■ **EXERCISE DETAILS**: Transcribe all of the records word for word, please, omitting the pictures.

■ **INFORMATION SHOWN**:
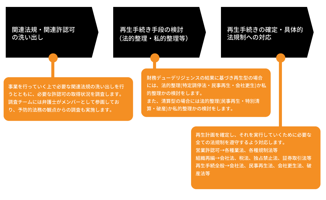対象会社が、事業を行っていく上で必要な関連法規の洗い出しを行うとともに、必要な許認可の取得状況を調査します。再生手続を実行し、再生を達成するについては、法的整理又は私的整理のいずれかのスキームに基づき進められますので、その許認可の継承方法について検討します。事業再生スキームにおいて選択されるスキームの枠組み・手続き・法務上の取扱いについて、これらの分野に関して豊富な経験と知識を有した弁護士及び専門家がアドバイスを提供いたします。
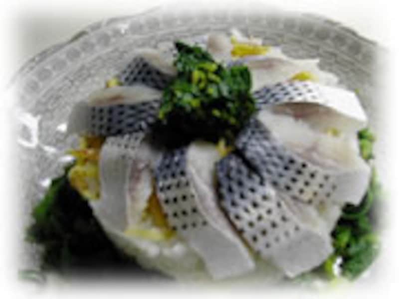 | 今回使ったコハダは出世魚ともいわれ、新子(シンコ)と呼ばれる5cmほどの1年魚は6月が旬ですが、10cmほどのコハダや、15cm以上のコノシロは年間を通して楽しめる魚です。 江戸前の寿司だねとしても有名ですが、お酢で〆て、ご家庭でも手軽に楽しめる魚ですね。 |
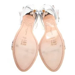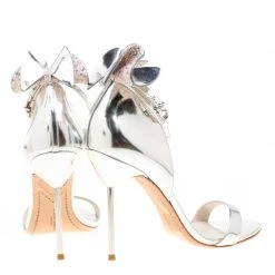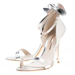 Jazz up your party wear looks with ease by adding these fun and flirty Sophia Webster open toe sandals to your look. Crafted in metallic silver leather, these sandals feature a slender front strap along with an ankle strap and covered counters that are gorgeously adorned with bow details decorated with crystals. Complete with 11.5 cm high stiletto heels, this one will truly complement the fashionista in you.
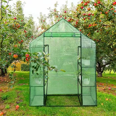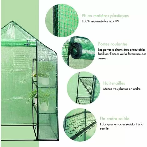 Notre serre avec étagères créera un environnement de croissance stable pour vos plantes! Les 2 côtés de l’intérieur avec étagères vous permettent de placer les plantes. La bâche imperméable crée la bonne température de croissance pour vos plantes. La portes avec fermetures à glissière facilite l’entrée et la sortie. La serre peut être placée dans les cours et les fermes, c’est le lieu de croissance idéal pour les plantes, les fleurs et les légumes.
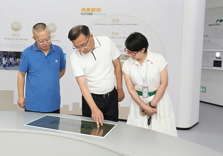 隨后,調(diào)研組一行來到位于綠之韻中心17層的數(shù)智化科技展廳。展廳設(shè)計深度融入企業(yè) “水之道” 理念,以水的旅程為敘事主線,將企業(yè)初心與情懷貫穿始終,同時融合 “東哲西技” 概念,展現(xiàn)獨特的文化底蘊。展廳運用數(shù)字技術(shù)打造互動體驗,構(gòu)建智慧型新時代中醫(yī)藥文化展示空間,通過立體空間多維度呈現(xiàn)集團企業(yè)文化、發(fā)展歷程、黨建公益、產(chǎn)品理念、科研實力及未來愿景等內(nèi)容。在參觀過程中,胡國安董事長向調(diào)研組詳細(xì)介紹了企業(yè)發(fā)展脈絡(luò),展廳內(nèi)豐富的最新科技成果與創(chuàng)新產(chǎn)品,更是直觀展現(xiàn)了綠之韻在大健康領(lǐng)域的積極探索與階段性成果。
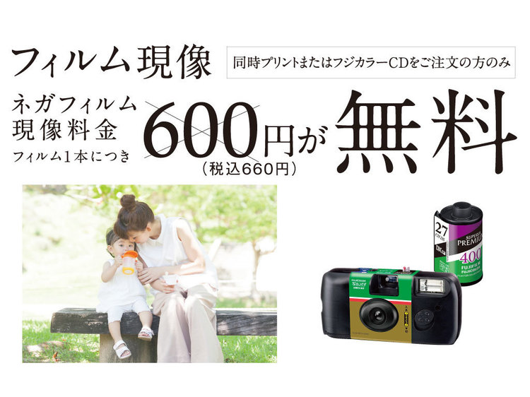 ネガフィルム現像料金フィルム1本につき、600円(税込660円)が無料
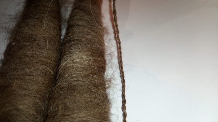 3) Хорошо спряденую пряжу даже из шерсти короткошерстных собак, порвать без усилия довольно таки трудно, т.к при прядении задается хорошая крутка, а при ссучивании со второй ниточкой - пряжа выравнивается, крутка распрямляется, пряжа получается хорошо сбалансированной.

■ **COMPLETED EXERCISE**:
対象会社が、事業を行っていく上で必要な関連法規の洗い出しを行うとともに、必要な許認可の取得状況を調査します。再生手続を実行し、再生を達成するについては、法的整理又は私的整理のいずれかのスキームに基づき進められますので、その許認可の継承方法について検討します。事業再生スキームにおいて選択されるスキームの枠組み・手続き・法務上の取扱いについて、これらの分野に関して豊富な経験と知識を有した弁護士及び専門家がアドバイスを提供いたします。
 | 今回使ったコハダは出世魚ともいわれ、新子(シンコ)と呼ばれる5cmほどの1年魚は6月が旬ですが、10cmほどのコハダや、15cm以上のコノシロは年間を通して楽しめる魚です。 江戸前の寿司だねとしても有名ですが、お酢で〆て、ご家庭でも手軽に楽しめる魚ですね。 |
 Jazz up your party wear looks with ease by adding these fun and flirty Sophia Webster open toe sandals to your look. Crafted in metallic silver leather, these sandals feature a slender front strap along with an ankle strap and covered counters that are gorgeously adorned with bow details decorated with crystals. Complete with 11.5 cm high stiletto heels, this one will truly complement the fashionista in you.
 Notre serre avec étagères créera un environnement de croissance stable pour vos plantes! Les 2 côtés de l’intérieur avec étagères vous permettent de placer les plantes. La bâche imperméable crée la bonne température de croissance pour vos plantes. La portes avec fermetures à glissière facilite l’entrée et la sortie. La serre peut être placée dans les cours et les fermes, c’est le lieu de croissance idéal pour les plantes, les fleurs et les légumes.
 隨后,調(diào)研組一行來到位于綠之韻中心17層的數(shù)智化科技展廳。展廳設(shè)計深度融入企業(yè) “水之道” 理念,以水的旅程為敘事主線,將企業(yè)初心與情懷貫穿始終,同時融合 “東哲西技” 概念,展現(xiàn)獨特的文化底蘊。展廳運用數(shù)字技術(shù)打造互動體驗,構(gòu)建智慧型新時代中醫(yī)藥文化展示空間,通過立體空間多維度呈現(xiàn)集團企業(yè)文化、發(fā)展歷程、黨建公益、產(chǎn)品理念、科研實力及未來愿景等內(nèi)容。在參觀過程中,胡國安董事長向調(diào)研組詳細(xì)介紹了企業(yè)發(fā)展脈絡(luò),展廳內(nèi)豐富的最新科技成果與創(chuàng)新產(chǎn)品,更是直觀展現(xiàn)了綠之韻在大健康領(lǐng)域的積極探索與階段性成果。
 ネガフィルム現像料金フィルム1本につき、600円(税込660円)が無料
 3) Хорошо спряденую пряжу даже из шерсти короткошерстных собак, порвать без усилия довольно таки трудно, т.к при прядении задается хорошая крутка, а при ссучивании со второй ниточкой - пряжа выравнивается, крутка распрямляется, пряжа получается хорошо сбалансированной.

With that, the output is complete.